Talking robots are nothing new. My toy robot, 2XL, could do that. He could even laugh, and make me laugh. But of course 2XL, like every talking machine since, wasn’t really exhibiting intelligence. Behind those words, were just some tricks. In 2XL’s case, it was a clever use of an 8-track tape.
And, as computer science has advanced, so too have the tricks. In fact, the tricks may be getting so advanced, that it soon may be impossible to tell where tricks stop and intelligence begins. Indeed, we may discover that intelligence is really just a very advanced bag of biological gimmicks.
But the language trick for computers is a serious challenge. I remember when I worked in a Board of Education office in Japan, one of my Japanese colleagues approached me with a print-out with some text on it. Looking it over I could see that it was English…or was supposed to be. The words were English alright, but their meaning was lost in a scramble of nonsensical grammatical errors. I was then told that this was the work of a computer translation program and I was asked to judge its quality. Well, I had no idea what it was talking about, even after several minutes of decoding work.
This kind of linguistic screw-up by a computer won’t surprise anyone. What would be surprising is a computer that could talk…for real. No matter how great our machines, they just can’t crack the mysteries of language (and frankly I think this is perhaps the most intriguing mystery yet to be solved).
Despite the difficulty, we are getting closer to intelligent machines, at remarkable speed. Google Translate is now catching people’s attention for its “uncanny” ability to get translation right much more of the time than we’ve been used to. And now, comes next week’s Jeopardy match-up between the two best Jeopardy players and a computer from IBM called Watson.

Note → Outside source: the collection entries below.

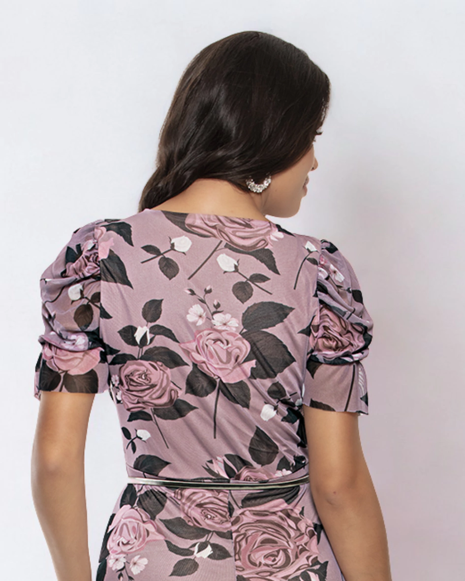 Este vestido midi com mangas bufantes é a escolha ideal para quem busca romantismo, delicadeza e estilo em uma peça versátil, valorizando a silhueta com conforto e charme.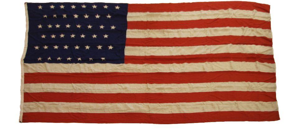Cotton 8x12 foot United States flag featuring 45 stars (1896-1908). All cotton with sewn stripe panels and stars. Very good condition with metal grommets intact minor material breakdown near fly and a few moth holes in body.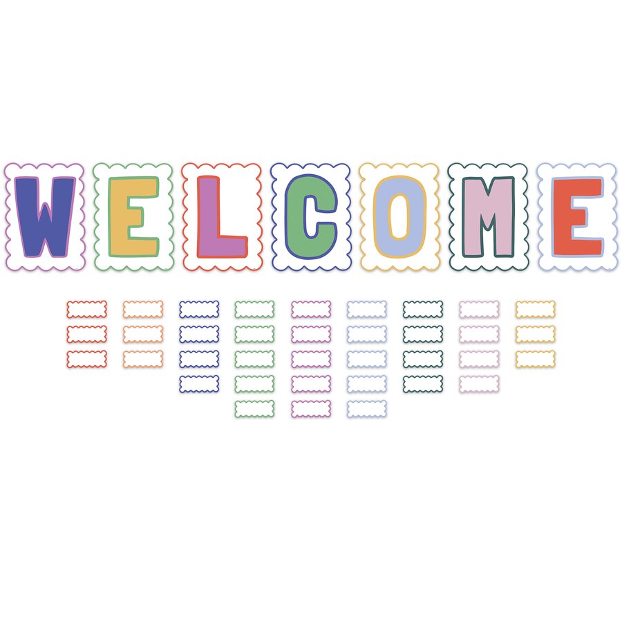 Greet students at the beginning of the school year with this wall display. Featuring trendy colors, scalloped edges, and an easy-to-read message, this sign is ideal for saying hello to attendees who visit the office, library, sports game, or any other school event. Multi-purpose blank accents can be used as name plates, or to label bins, desks, and learning centers. 43 total pieces. Each letter measures about 11-3/8" x 15". Tags are 5-1/2" x 2-1/2".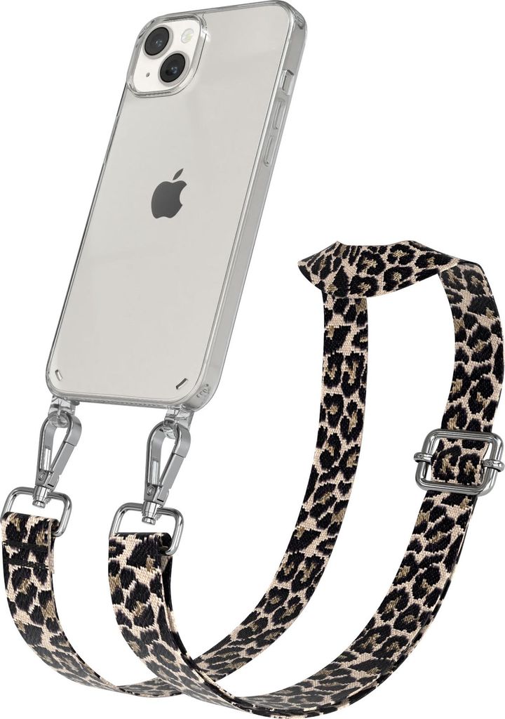 Apple iPhone 14 Plus Chain Eyelets Slim Neck Strap Set Leo Style 13 Black/Taupe 03 Metall Silver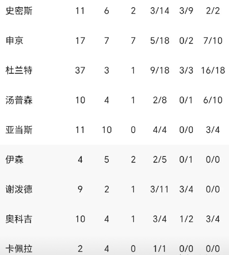开赛2连败!!火箭陷入没有控卫的麻烦!!数据不会说谎,看看谁应该为输球背锅: 1-申京 17+7+7 2-杜兰特 37+3+1 3-阿门 10+4+1 4-亚当斯 11+10 5-史密斯 11+6+2 6-伊森 4+5+2 7-谢泼德 9+2+1 8-奥科吉 10+4+1 9-卡佩拉 2+4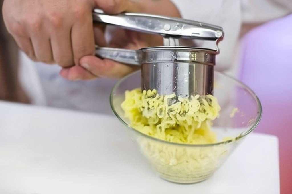 Ziemniaki opłucz i ugotuj w skórkach. Kiedy wystygną, obierz je i przepuść przez praskę.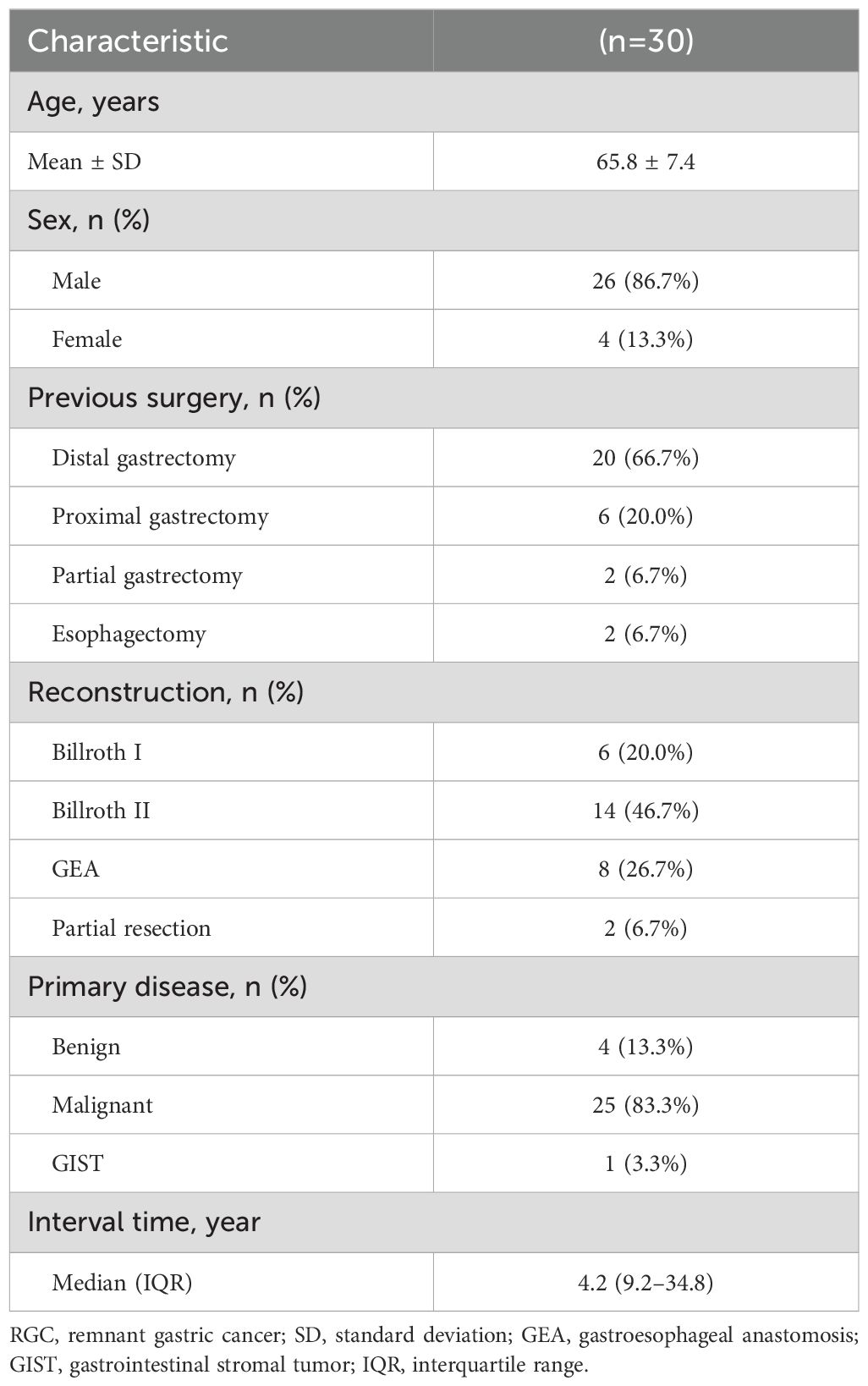 Table 2 summarizes the clinicopathological characteristics of the 30 patients (mean age: 65.8±7.4 years) included in the study. Most were male patients (26/30, 86.7%). The median interval from the initial surgery to the detection of remnant gastric lesions was 4.2 (IQR: 9.2–34.8) years. Previous surgeries included distal gastrectomy (n=20, 66.7%), proximal gastrectomy (n=6, 20.0%), partial gastrectomy (n=2, 6.7%), and esophagectomy with a gastric conduit (n=2, 6.7%). Distal gastrectomy with Billroth II reconstruction was the primary type of surgery performed (14/30, 46.7%). While 25 (83.3%) patients had malignant tumors as the primary disease, 4 (13.3%) had benign tumors, and 1 (3.3%) had a gastrointestinal stromal tumor.

[A small aside here: 2XL once told me how Stanley Kubrick came up with the name for HAL, the killer AI computer in 2001: A Space Odyssey. Kubrick just took the letters IBM and used the letters that preceded them in the alphabet. After explaining this, 2XL then gave one his endearingly ridiculous laughs.]
Anyway, it was interesting when Deep Blue (that other wonderbot from IBM) beat the world’s greatest chess player, Garry Kasparov…but that wasn’t really that amazing since we’ve known that games are often just plays on probabilities and statistics, things that computers can do quite well. Jeopardy, on the other hand, that’s a game based on language…at least to a large extent…so getting Watson to even be able to compete is a big deal.
As a librarian, this is starting to cross the interesting-line. Watching Watson tackle complex questions (or answers in the case of Jeopardy), sorting through the immensity of online databases and digital materials and then coming up with the right answer (in spoken language no less!), well, this is worth a standing ovation, if only Watson would appreciate that. In a sense, he’s doing reference work…a very challenging job indeed.
But watching this spectacle, you can quickly see the potential for online versions of Watson, which hopefully IBM will be working toward shortly after their PR coup on America’s smartest quiz show whets our appetite for interfacing with this proto-entity. We’ve seen similar tools through Google and, especially, through Wolfram-Alpha, which can use natural language questions and return quite accurate results. But what is really neat about Watson, is that he can actually learn from mistakes and get better over time.
Remember my posting about the kinds of skills incoming librarians need? Add statistics and computer learning theory to the mix. And if you’re Watson, take a tip from 2XL, and get yourself a cute laugh. People won’t be afraid of you so much.